Prevention and Treatment of Diarrhea

About 4 billion diarrhea episodes occur each year, accounting for almost 4% of all deaths. Environmental hygiene, good practice in food storage and handling, and availability of clean, potable water are key in the prevention of diarrhea.

The effects of probiotics in the prevention and treatment of diarrhea are well studied, and several meta-analyses are available detailing the evidences of their efficacy.

Acute diarrhea contribute to substantial morbidity and mortality in children worldwide. Recently, priobiotics have been proposed as an adjunctive therapy in the treatment of acute diarrhea in children.
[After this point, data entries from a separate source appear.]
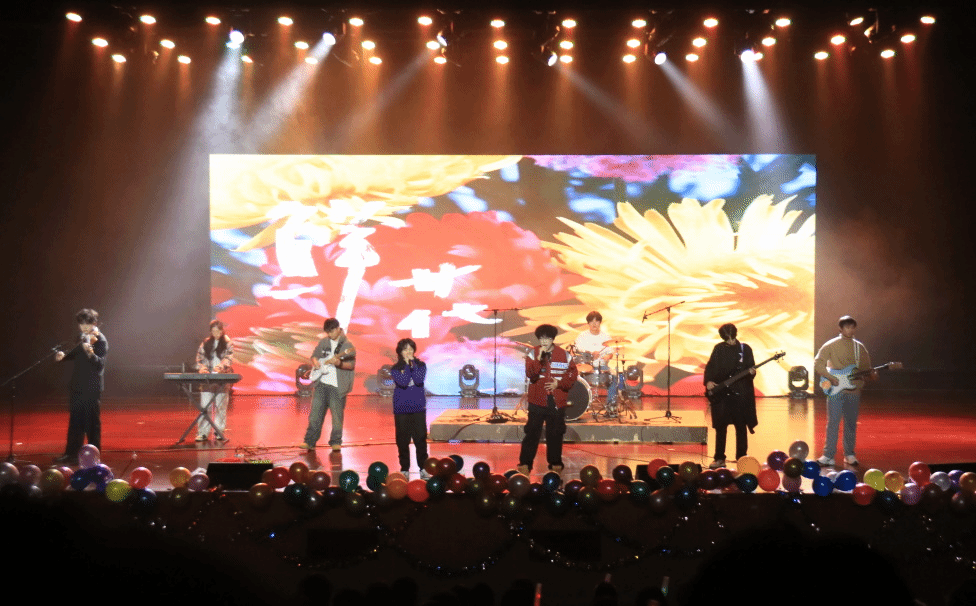 晚会现场在激情四射的乐队开场节目《云宫·鲜花》中逐渐升温,乐队的同学们用他们演奏出的音符感染了在场所有观众。
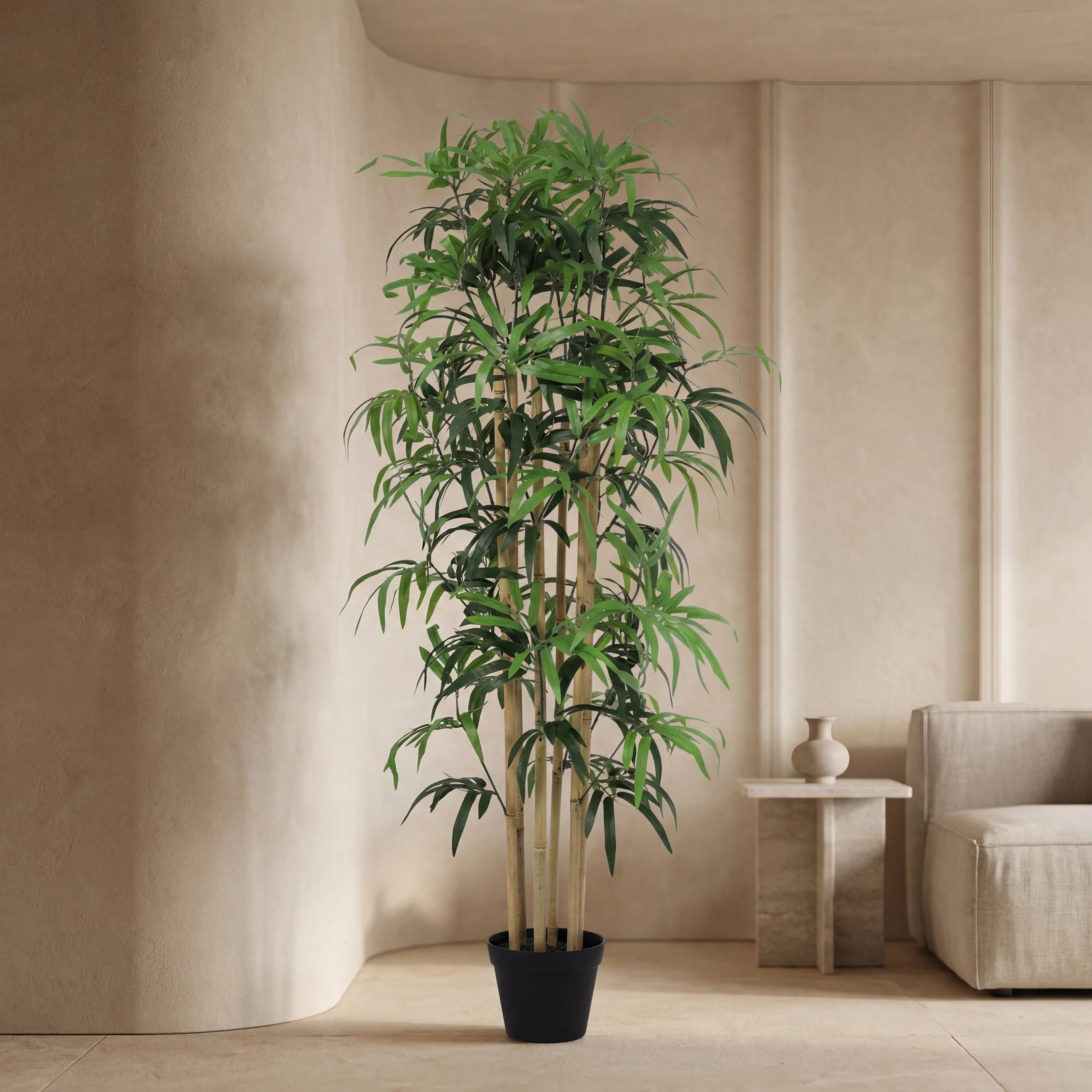 نبتة صناعية بتصميم عصري مستوحى من العناصر الطبيعية، تضيف لمسة هادئة وأنيقة للمكان دون الحاجة إلى عناية مستمرة. صُنعت من خامات متينة تشمل البلاستيك عالي الجودة مع قماش بوليستر، ومدعّمة بهيكل داخلي من السلك الحديدي يوفّر ثباتًا جيدًا وإمكانية تنسيق الأغصان بشكل مرن. كما تم استخدام الخيزران لإضفاء مظهر طبيعي يوازن بين البساطة والأناقة.
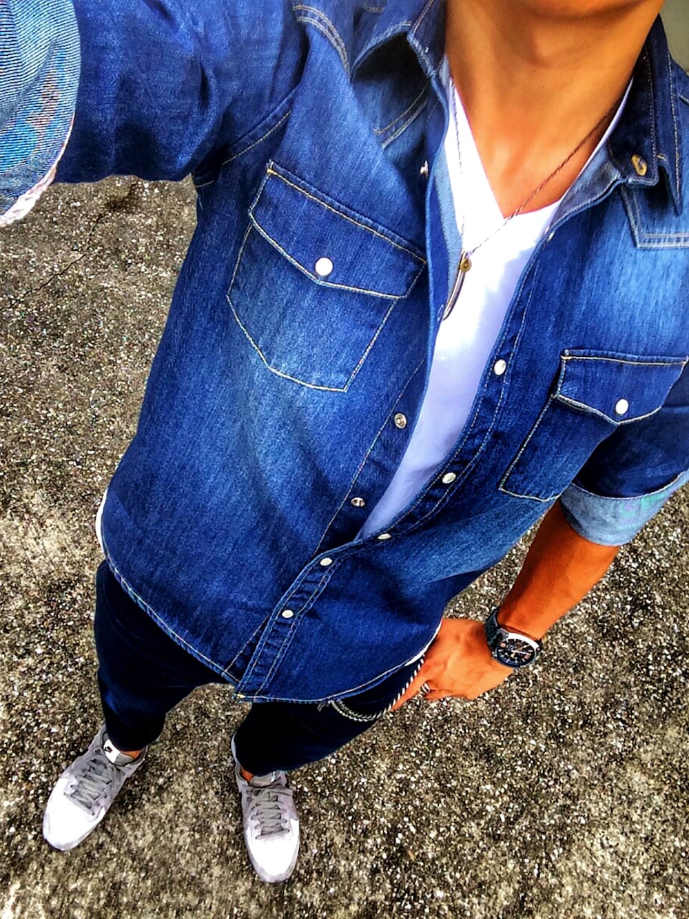 デニデニコーデ👕👖 こちらも10月頃のコーデです😂 デニムはリジッドで育て中です👖 育て始めて1年半ぐらいなので、これからが楽しみな1本です💙
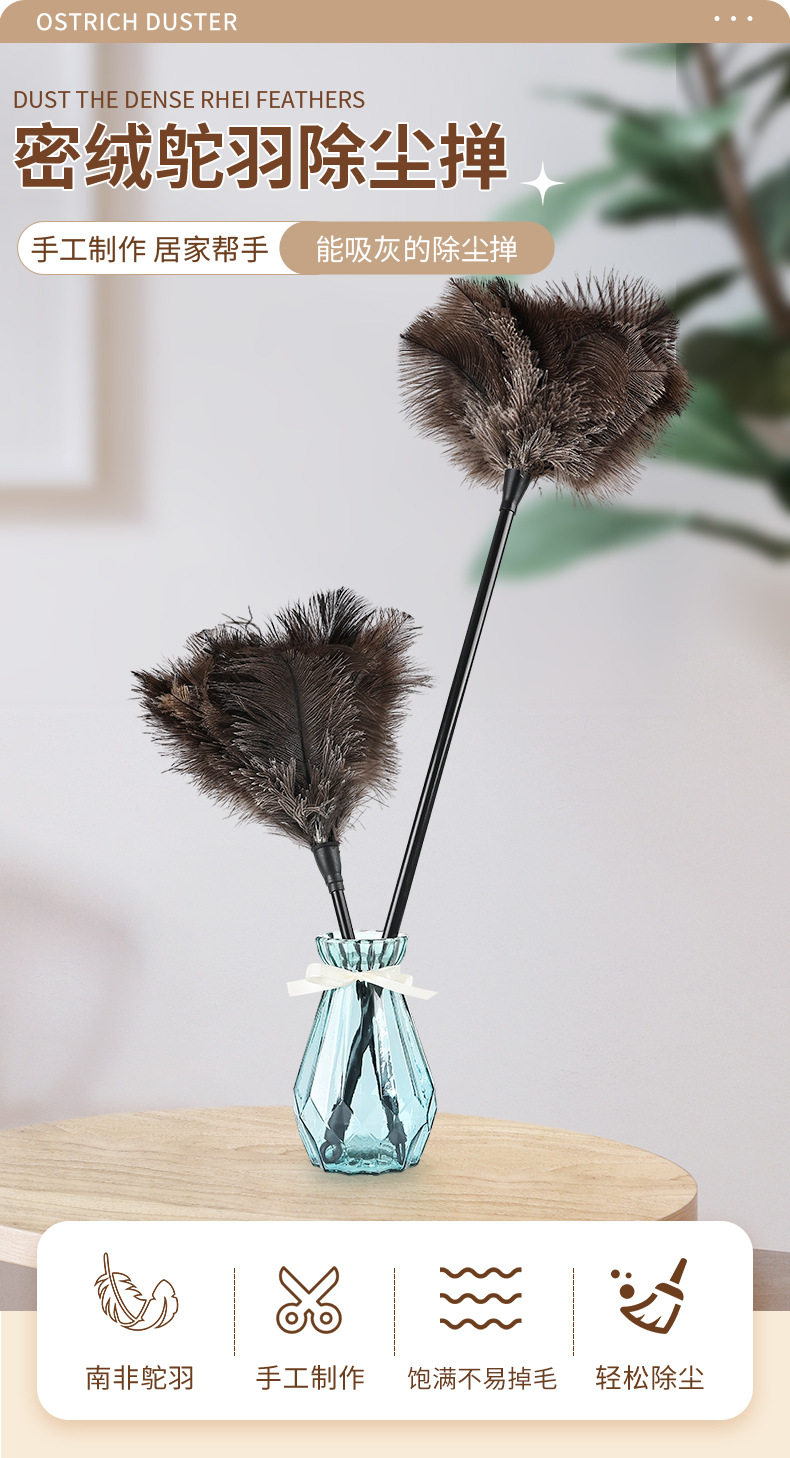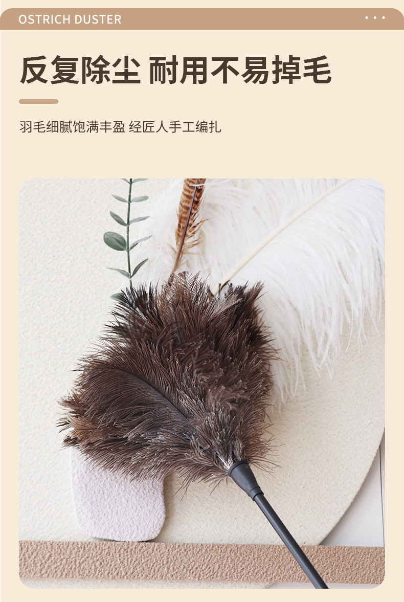 아마존 국경 간 뜨거운 판매 수제 진짜 타조 깃털 더스터 홈 먼지 청소 유물 정전기 방지 깃털 더스터스토어 가기

The evaluation of clinical evidence in the treatment of more than 1800 children support the efficacy of probiotic therapy in the setting of acute diarrhea in children, L. rhamnosus and S. boulardii being more effective than L. acidophilus and L .reuteri (Kun Lee et al., 2009).

AAD (Antibiotic-Associated Diarrhea)

AAD is a common complication of antibiotic treatment, since antibiotics may disrupt the normal microbiota, often causing its appearance usually 2 to 8 weeks after treatment. Some specific probiotics may reduce the risk of AAD, supporting a return to the status of eubiosis. The clinical trials conducted suggest that most of the probiotics can significantly reduce the incidence of AAD with varied efficacy (Kun Lee et al., 2009).